Поболтав еще немного, девушка ушла. Истомин подошел к окну. Он увидел стремительную фигурку Антонины за оградой и мягко улыбнулся. Да, Анте, как видно, скучновато в поселке. Хоть бы приехал сын, Гриша… Но этот шалопай не торопится, уже третий год торчит в Днепропетровске. Надо что-то придумать, иначе Анта затоскует.

Он развернул рулон миллиметровки и забыл о дочери.

В кабинет главного инженера вошел Андрей Павлович Тушольский — новый управляющий. Годами он был значительно моложе Истомина, но темное от загара лицо, густые брови, сросшиеся над строгими, словно всегда сердитыми глазами, старили Тушольского; по сравнению с управляющим круглолицый Истомин с белой кожей без морщин выглядел тридцатипятилетним.

— Разговаривал с Ногдиондоном, — сказал Тушольский. Они помолчали, обдумывая все, что связывалось с этим звучным названием: «Ногдиондон». — Мишин непременно хочет пройти зарезкой по вершине Южного, за «Стариковской ямой». Ваше мнение, Пимен Григорьевич?

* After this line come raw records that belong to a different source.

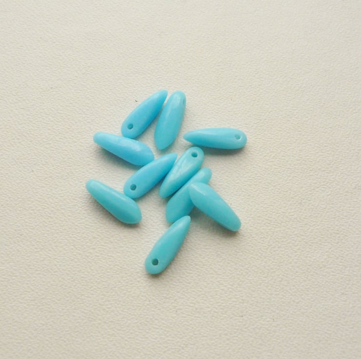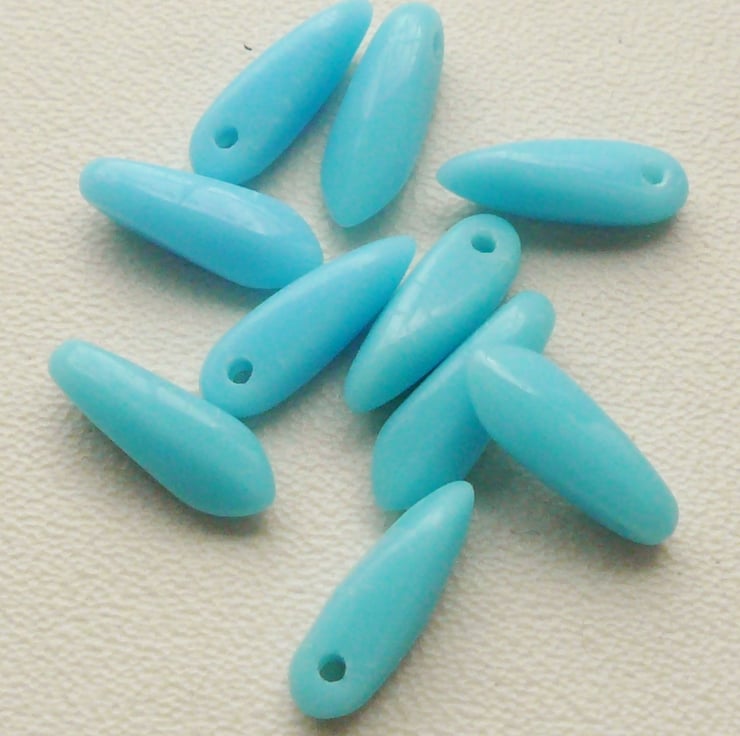 This listing is for ten light sky blue Preciosa Czech glass dagger shaped beads.
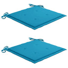 Deze tuinstoelen zijn gemaakt van massief acaciahout waardoor ze stevig en stabiel zijn. Massief acaciahout heeft de kracht om veel gewicht te dragen en is bestand tegen slijtage. Deze buitenstoelen bieden jarenlange ontspanning. Bovendien kunnen de stoelen worden ingeklapt om ruimte te besparen wanneer ze niet worden gebruikt. De meegeleverde kussens bieden extra comfort. Elk kussen heeft twee touwtjes om het stevig op de stoel te bevestigen.
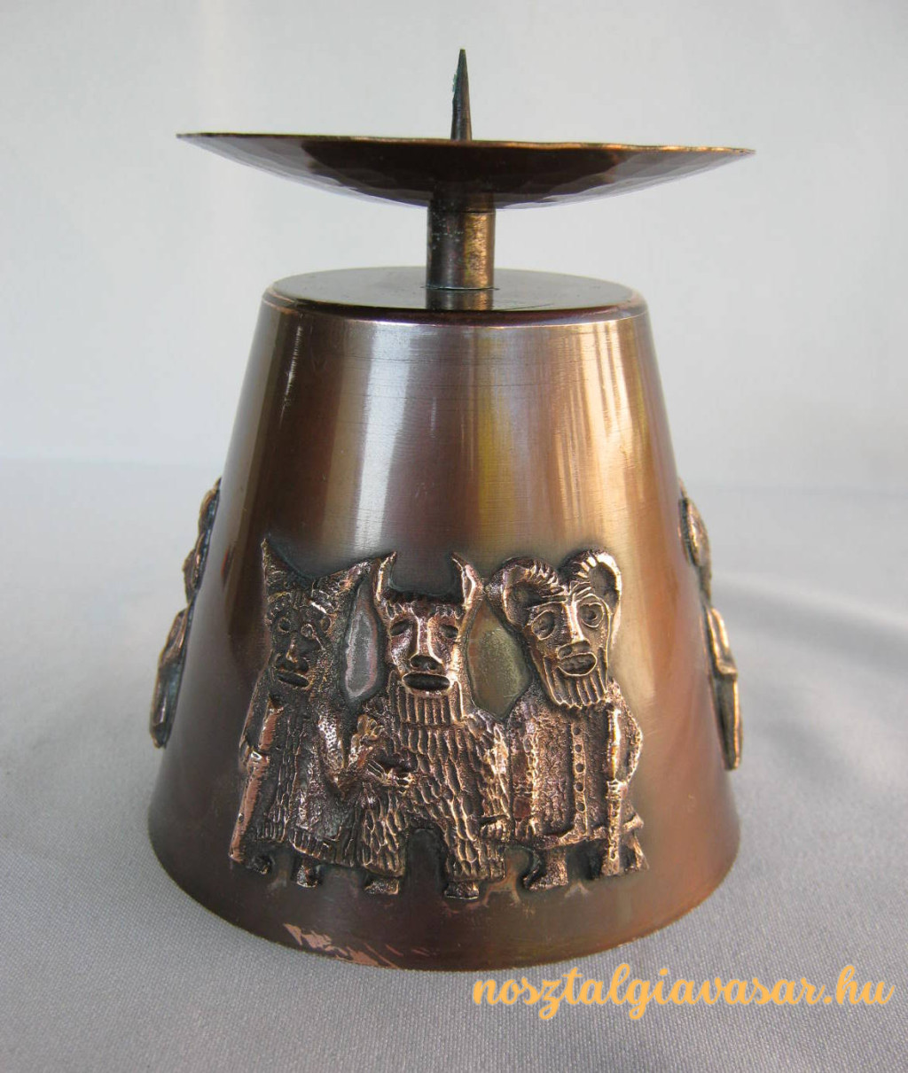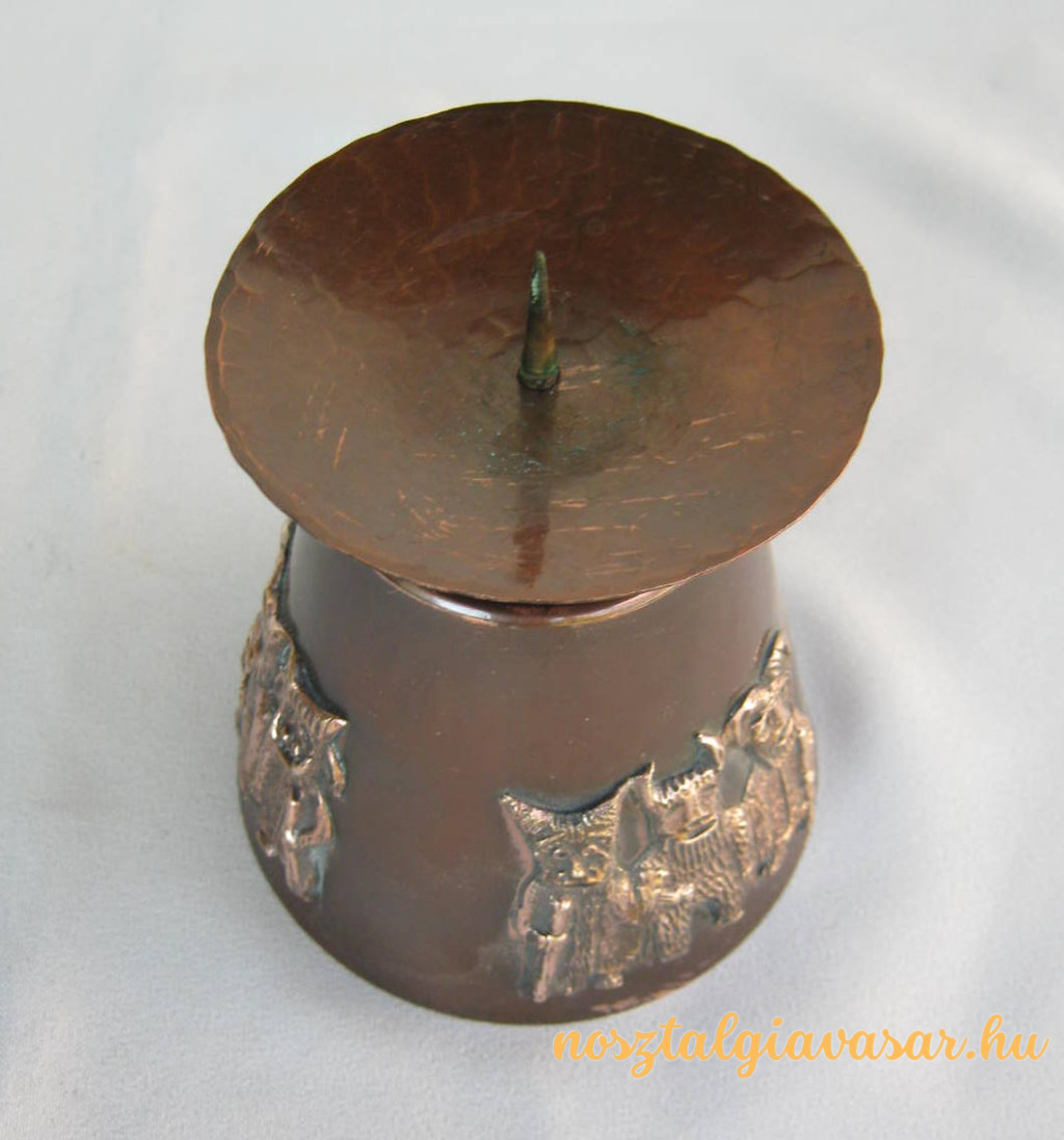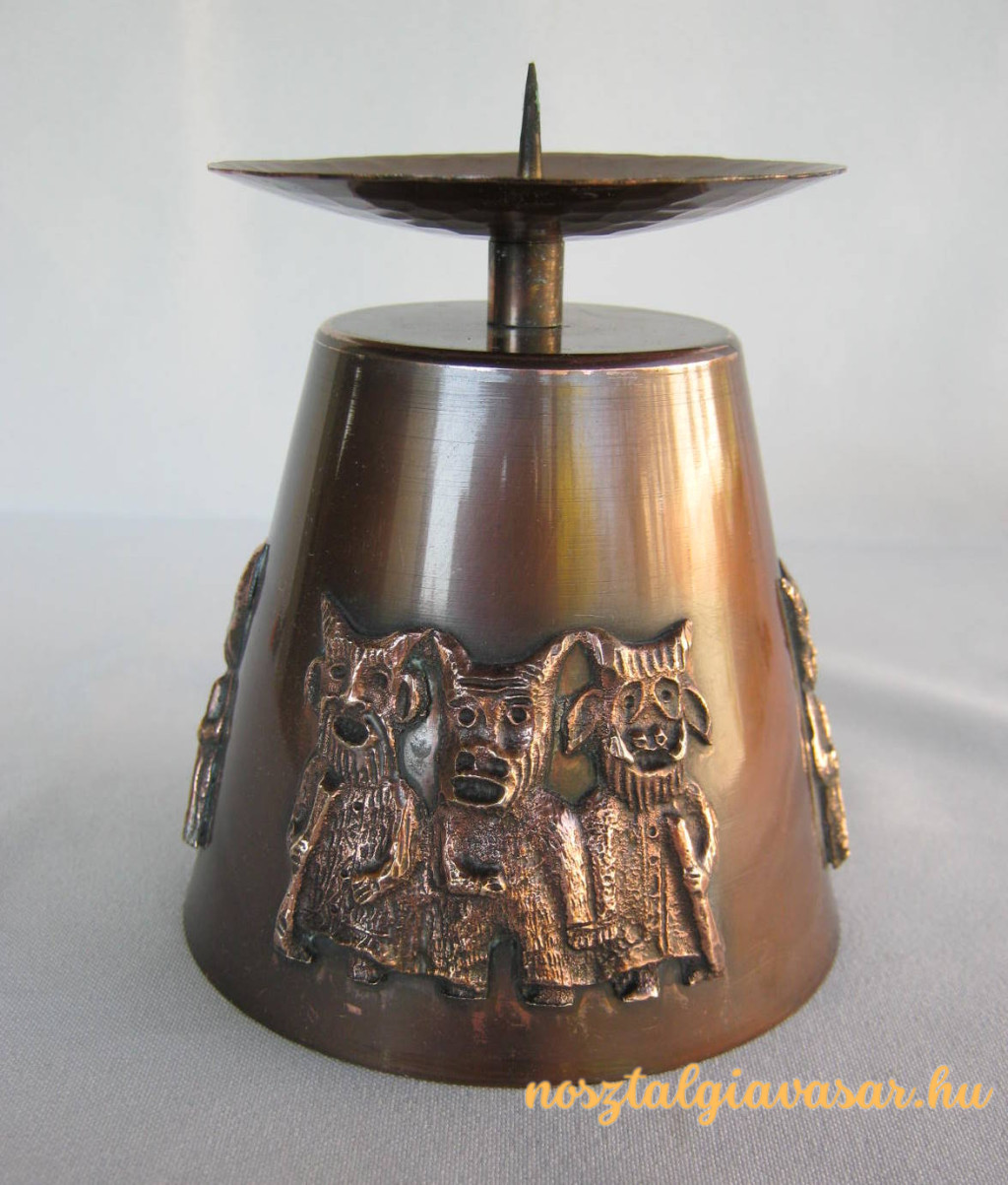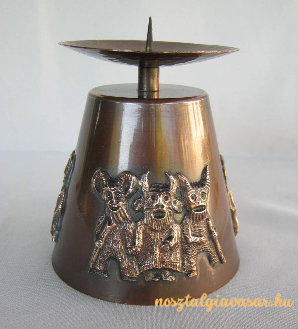 Retró magyar iparművészeti fémmunka rézötvözet busó figurás gyertyatartó
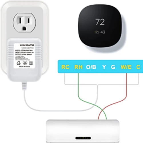 2. 24 볼트 어댑터의 와이어를 "C" 터미널에 설치하고 다른 와이어를 "RC" 터미널에 설치하십시오. HVAC 시스템에 냉각 기능이있는 경우 포함 된 점퍼를 사용하고 "RH" 에서 "RC" 터미널로 연결해야합니다.
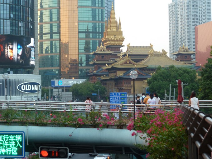 In terms of actual travel details, I cannot offer much yet. Shangai is perceptibly different than Beijing and Xi’an. Beijing has a very old and sort of third world feeling to it and Xi’an is somewhere you visit once to see those soldiers and then never return. Shanghai feels more cosmopolitan. It’s a funny mix though. Here’s a Buddhist temple right by our hotel, and it sits right in the middle of this big shopping district…I really love the positioning of the Old Navy store.
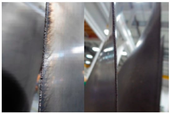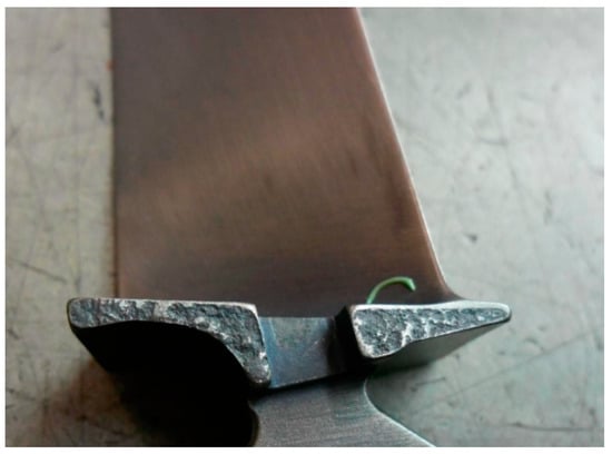 Abrasion is a loss of material due to the rubbing of one surface against another. The removed material typically leads to an increase in seal or tip gaps. Minimizing clearances between blade tips and casing is crucial for reducing the aerodynamic losses that occur in rotating machines, as the overall engine efficiency is negatively impacted by these losses []. In many cases, abradable surfaces are present. In these engines, a certain amount of rubbing is allowed during the run-in of the engine to establish proper clearances []. In [], a study is conducted to investigate the high-speed scraping behavior between a vulcanized silicone rubber and a Ti-6Al-4V fan blade. Blade tip rubbing can occur due to an unbalanced or misaligned rotor due to the shaft bearing damage, engine rotor flexing at heavy operating loads, or the thermal growth of blades []. The result is an increase in blade tip clearance. Another phenomenon that leads to tip rubbing is the engine casing distortion due to flight loads. The principal effect of this is a reductIon in the efficiency of the damaged component [], which results in a drop in engine performance. An example of abrasion on a High-Pressure Compressor (HPC) blade is depicted in Figure 5, taken from [].

— Невозможные условия, Андрей Павлович: дорогу туда не проложить, вокруг лесистая топь — голец истекает ручьями. Я ездил туда в прошлом году верхом… Да что значит ездил! Вел в поводу коня. Вот и судите о дороге. Как забросить оборудование, как расселить людей? Очевидно, Мишин об этом не думает. А как доставлять к реке слюду?

— Мишин говорит, что можно проложить гать к зимовью, а оттуда волоком, минуя топь. О жилье он просит не тревожиться, — проворчал Тушольский.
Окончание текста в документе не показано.